The fiscal gap will narrow to 3.5% next year, as the government budgeted for gross market borrowing to rise marginally to 7.8 trillion rupees from 7.1 trillion rupees in the current year. A plan to earn 2.1 trillion rupees by selling state-owned assets in the year starting April will also help plug the deficit.

Total spending in the coming fiscal year will increase to 30.4 trillion rupees, representing a 13% increase from the current year’s budget, according to latest data.

Key highlights from the budget:

* Tax on annual income up to 1.25 million rupees pared, with riders

* Dividend distribution tax to be levied on investors, instead of companies

* Farm sector budget raised 28%, transport infrastructure gets 7% more

* Spending on education raised 5%

* Fertilizer subsidy cut 10%

Analysts said the muted spending plan to keep the deficit in check will lead to more downside risks to growth in the coming months.

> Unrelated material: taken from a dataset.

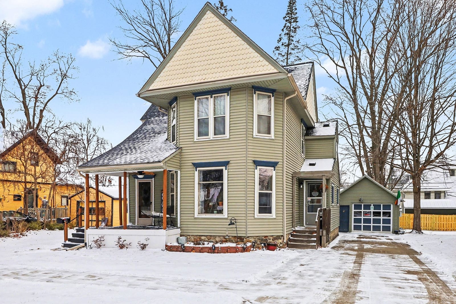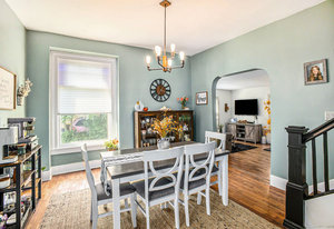 Nestled in the heart of Williamston, this beautifully updated Victorian offers 3 bedrooms and 2 bathrooms, blending timeless character with modern farmhouse flair. A welcoming front porch invites you into a quaint entryway, opening to a stunning living room with soaring ceilings and abundant natural light from the south-facing windows. The main level features a formal dining room and an updated kitchen with newer appliances, perfect for entertaining. A cozy family room, mudroom off the side entry, laundry area, updated bath, and a convenient first-floor bedroom complete the main level.
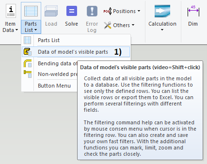 You can view the item data of the model's currently visible parts, modify them, and eventually export them to the Excel file.

“It is very doubtful that the increase in expenditure will push demand much,” Chakravarthy Rangarajan, former governor at the Reserve Bank of India told BloombergQuint, adding that achieving next year’s budget deficit goal of 3.5% of GDP was doubtful.

With the government sticking to a conservative fiscal path, the focus will now turn to central bank, which is set to review monetary policy on Feb. 6. Given inflation has surged to a five-year high of 7.35%, the RBI is unlikely to lower interest rates.

What Bloomberg’s Economists Say:

The burden of recovery now falls solely on the Reserve Bank of India. With inflation breaching RBI’s target at present, any rate cuts by the central bank are likely to be delayed and contingent upon inflation falling below the upper end of its 2%-6% target range.

-- Abhishek Gupta, India economist

Governor Shaktikanta Das may instead focus on unconventional policy tools such as the Federal Reserve-style Operation Twist -- buying long-end debt while selling short-tenor bonds -- to keep borrowing costs down.